There is also a larger concern that the MoH’s recommendation for a CL under section 92 raises: Why was it made only for certain anti-cancer drugs? What about other patented drugs? The recommendation for the three drugs was stated to have been prompted by the exorbitant pricing of these drugs as a monthly dose of each of them cost more than Rs. 1 lac. But are only these drugs unaffordable? Can a CL be issued under section 92 on the basis of unaffordable pricing alone? Or if the reason was the sizeable number of patients who require these drugs in addition to them being unaffordable or something else, aren’t there other drugs that fall within that category? Or is it that the lobbying pressure from the stakeholder companies has a role to play in this?
DIPP’s decision awaited
One can only hope that DIPP will take the Dasatinib CL decision at the earliest and query the MoH further, if need be. And that it will take a final decision based solely on the basis of the merit of the case and uninfluenced by any extraneous factors.
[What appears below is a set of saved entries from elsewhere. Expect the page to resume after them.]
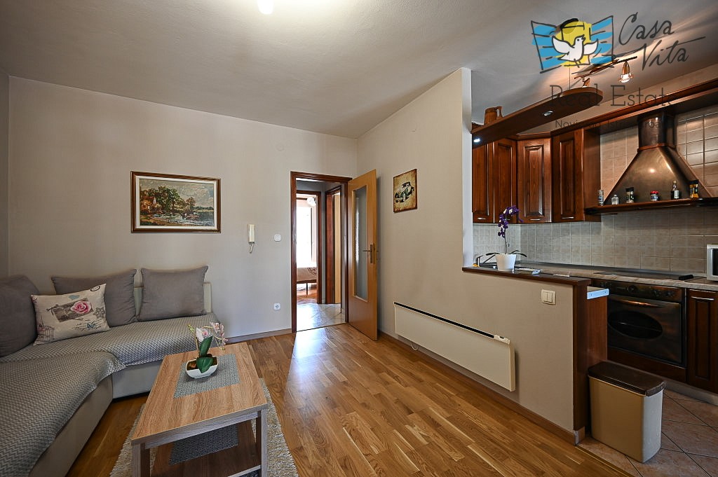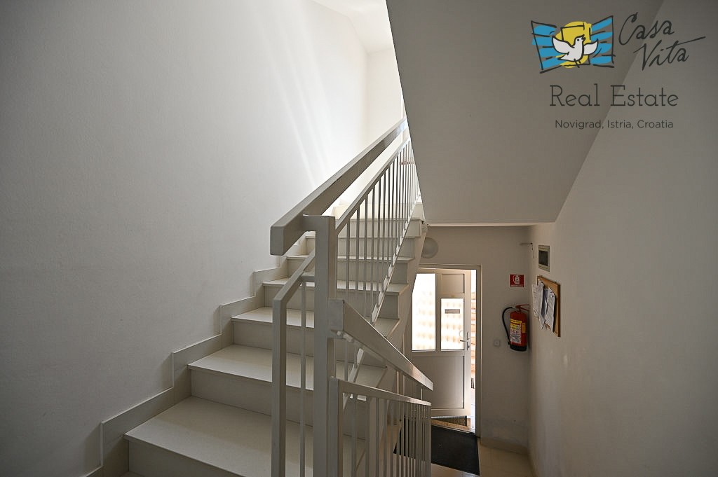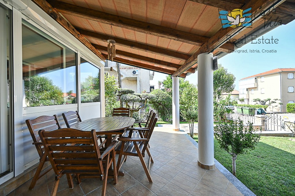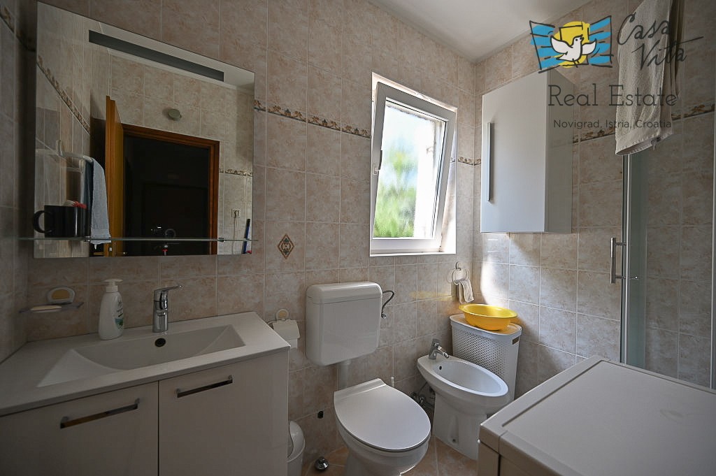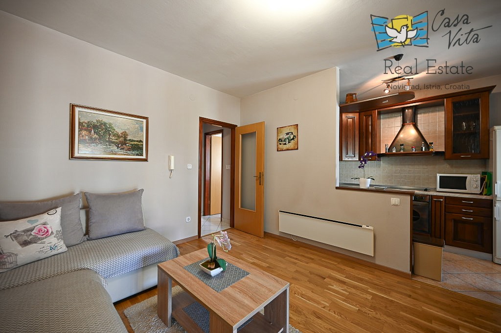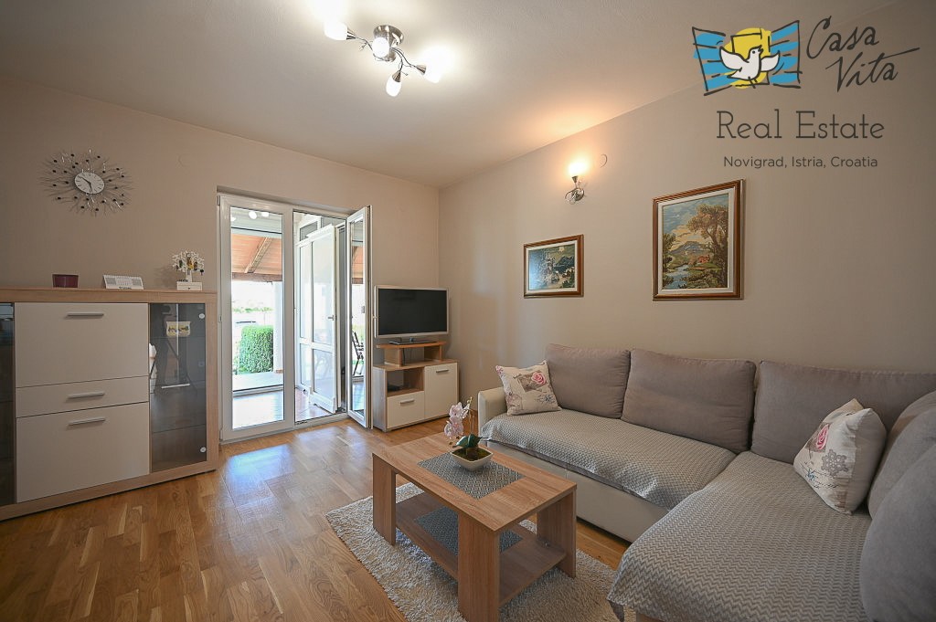 An apartment of 61 m2 located on the ground floor of a residential building is for sale, type 2.5-room (2 bedrooms + living room with dining area), situated in a quiet and attractive location, 600m from the sea and 1000m from the center of Novigrad.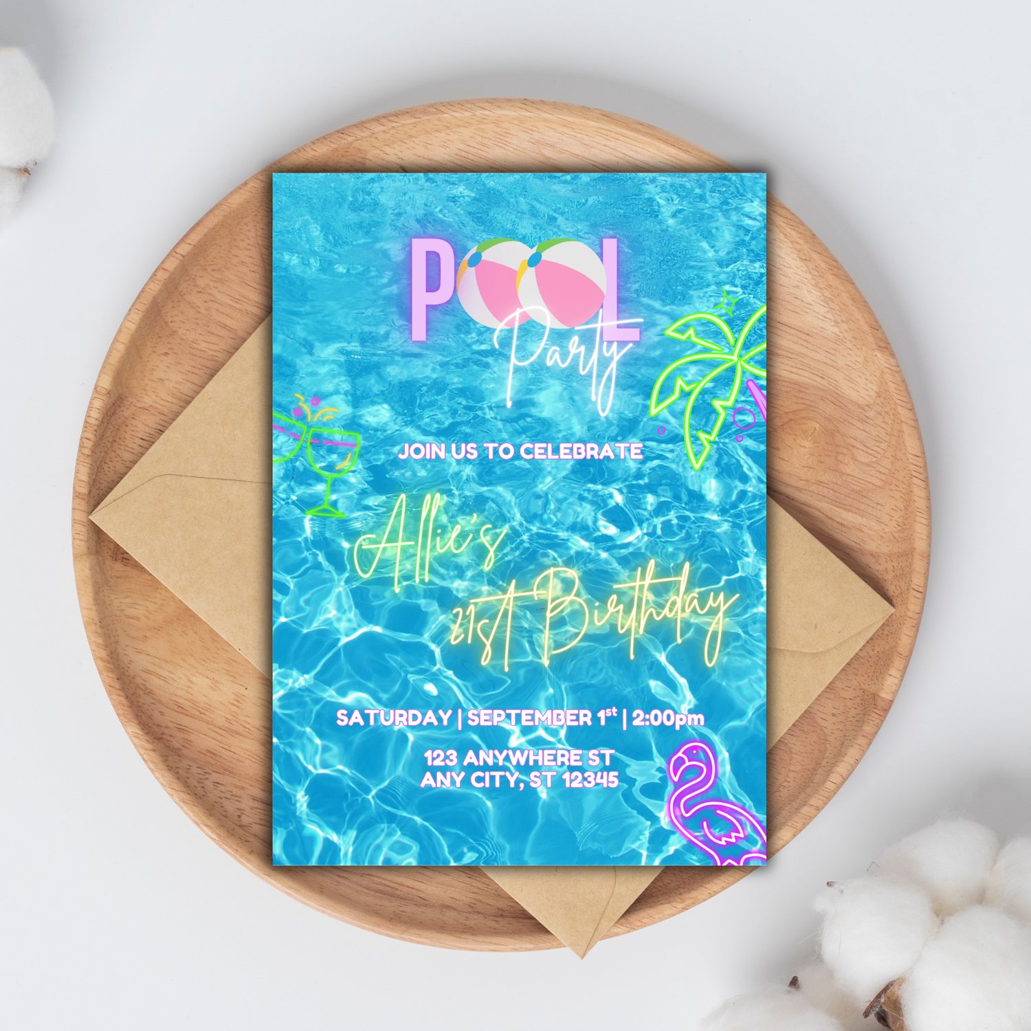 With bright neon accents, playful tropical elements, and a refreshing poolside background, this invite sets the tone for an unforgettable event. Best of all—you can easily customize all the text in Canva to fit your celebration!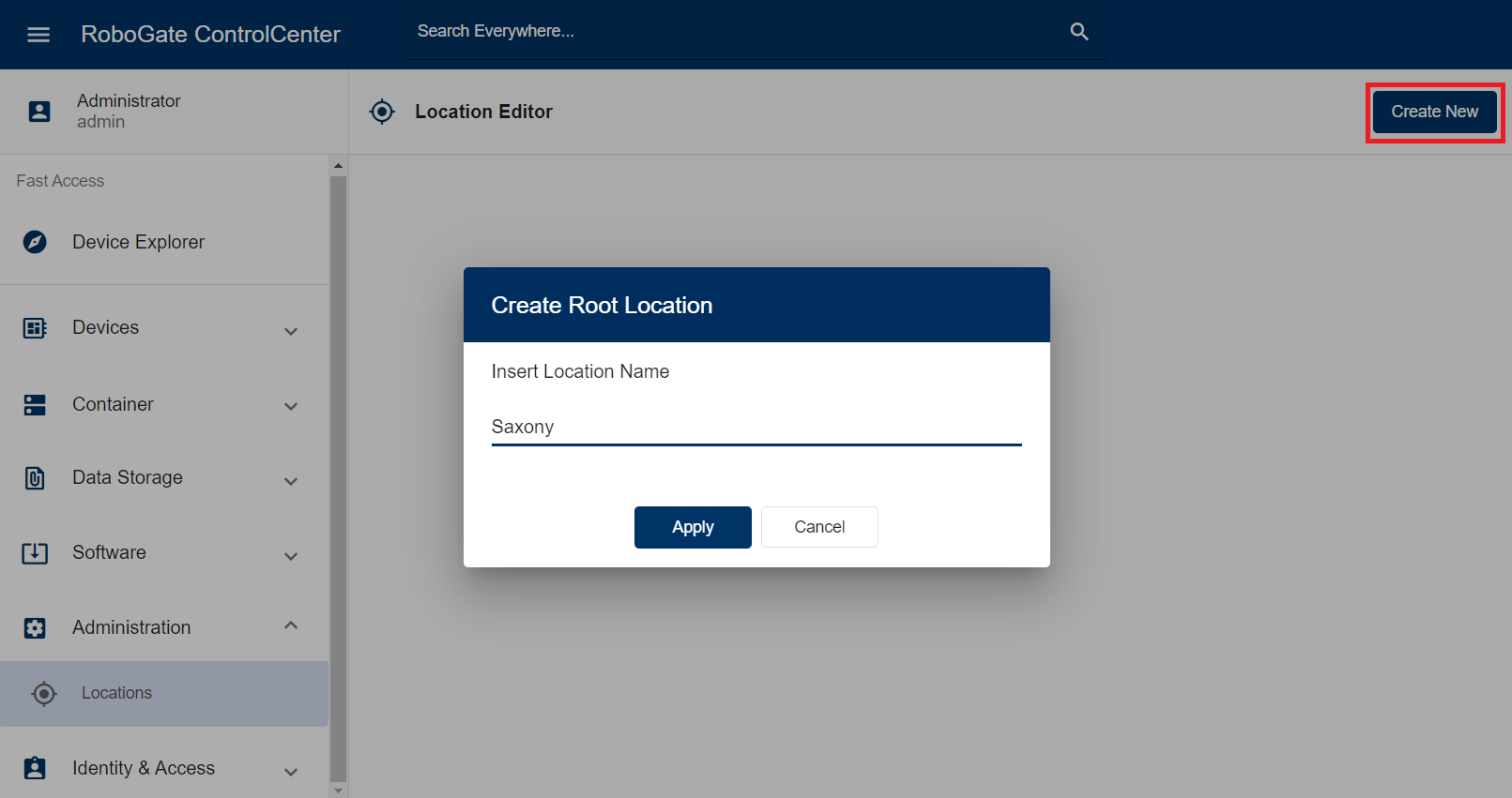 In der Baumstruktur lässt sich zwischen übergeordneten und untergeordneten Standorten unterscheiden. Um einen übergeordneten Standort zu erstellen, klicken Sie auf "Create New" in der Menüleiste (Abbildung 4). Nachdem Sie den gewünschten Namen eingegeben und auf "Apply" geklickt haben, wird der Standort erstellt und im Location Editor aufgeführt. Dem Standort wird hierbei eine Location ID zugewiesen.

Curious case of Ixabepilone
Apart from Dasatinib, as mentioned before, CL recommendation was made by MoH for two other anti-cancer drugs, Trastuzumab and Ixabepilone, as well. The recommendation for Trastuzumab was not pursued further because the patent for it was allowed to be lapsed by Roche. But the case for Ixabepilone was dropped because it was found to be unsafe by MoH as seemingly first mentioned in a news report dated September 11, 2013 and later by Commerce Minister Nirmala Sitharaman in her written reply in Lok Sabha dated December 19, 2014 (In Europe also, a negative opinion was given on the drug by the Committee for Medicinal Products for Human Use, consequent to which BMS had withdrawn its application for marketing authorization in 2009). However, on August 2, 2013, the New Drug Advisory Committee (NDAC) (Oncology and Hematology) had recommended continuation of marketing of Ixabepilone. Nevertheless, if safety concerns were concluded to exist, was the regulatory approval granted for this drug revoked? Or did BMS withdraw the drug from the Indian market? If not, and this patented drug continues to be sold in the market, then why has the CL recommendation for it not been taken forward?